• _YOUR GOAL_: Report every line below that has the string "Centro" in it.

(Items from a dataset)
====

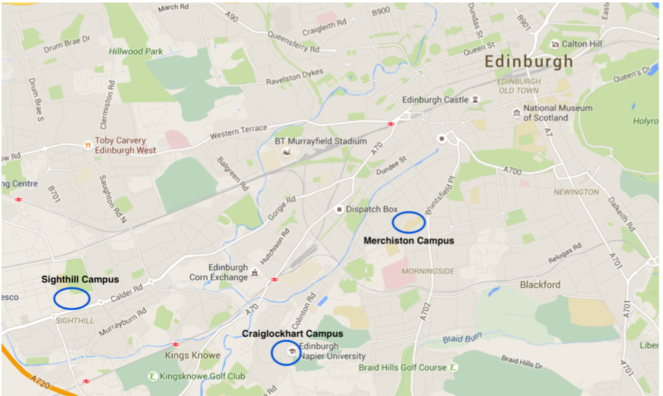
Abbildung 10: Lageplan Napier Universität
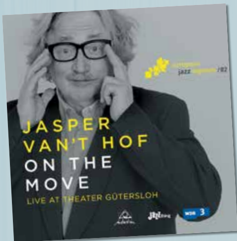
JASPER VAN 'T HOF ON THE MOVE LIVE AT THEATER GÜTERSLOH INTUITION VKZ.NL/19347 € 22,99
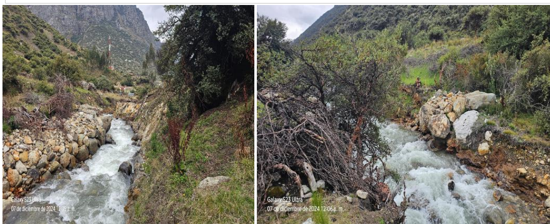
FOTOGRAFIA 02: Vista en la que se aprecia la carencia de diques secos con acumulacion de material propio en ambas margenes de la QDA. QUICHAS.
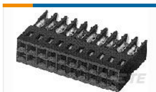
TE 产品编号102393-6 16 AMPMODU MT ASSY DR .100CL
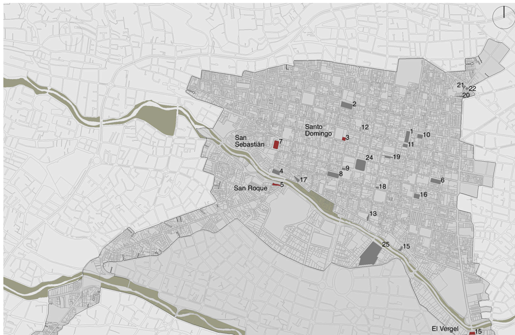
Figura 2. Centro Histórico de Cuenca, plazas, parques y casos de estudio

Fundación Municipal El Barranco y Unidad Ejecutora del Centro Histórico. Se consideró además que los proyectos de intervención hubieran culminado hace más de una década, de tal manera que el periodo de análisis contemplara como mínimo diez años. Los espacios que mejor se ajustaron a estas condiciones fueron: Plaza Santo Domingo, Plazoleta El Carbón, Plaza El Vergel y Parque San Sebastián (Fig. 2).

====

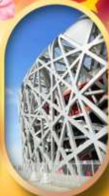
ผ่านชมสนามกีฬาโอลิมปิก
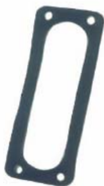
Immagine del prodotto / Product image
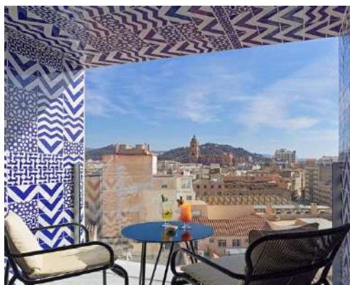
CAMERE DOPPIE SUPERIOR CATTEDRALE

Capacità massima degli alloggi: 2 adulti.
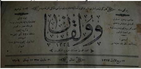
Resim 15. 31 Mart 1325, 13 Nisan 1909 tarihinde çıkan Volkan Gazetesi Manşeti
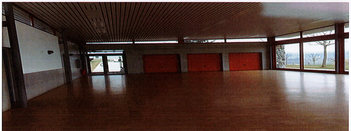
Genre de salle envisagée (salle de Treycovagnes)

====

• _YOUR RESPONSE_:
Figura 2. Centro Histórico de Cuenca, plazas, parques y casos de estudio
Fundación Municipal El Barranco y Unidad Ejecutora del Centro Histórico. Se consideró además que los proyectos de intervención hubieran culminado hace más de una década, de tal manera que el periodo de análisis contemplara como mínimo diez años. Los espacios que mejor se ajustaron a estas condiciones fueron: Plaza Santo Domingo, Plazoleta El Carbón, Plaza El Vergel y Parque San Sebastián (Fig. 2).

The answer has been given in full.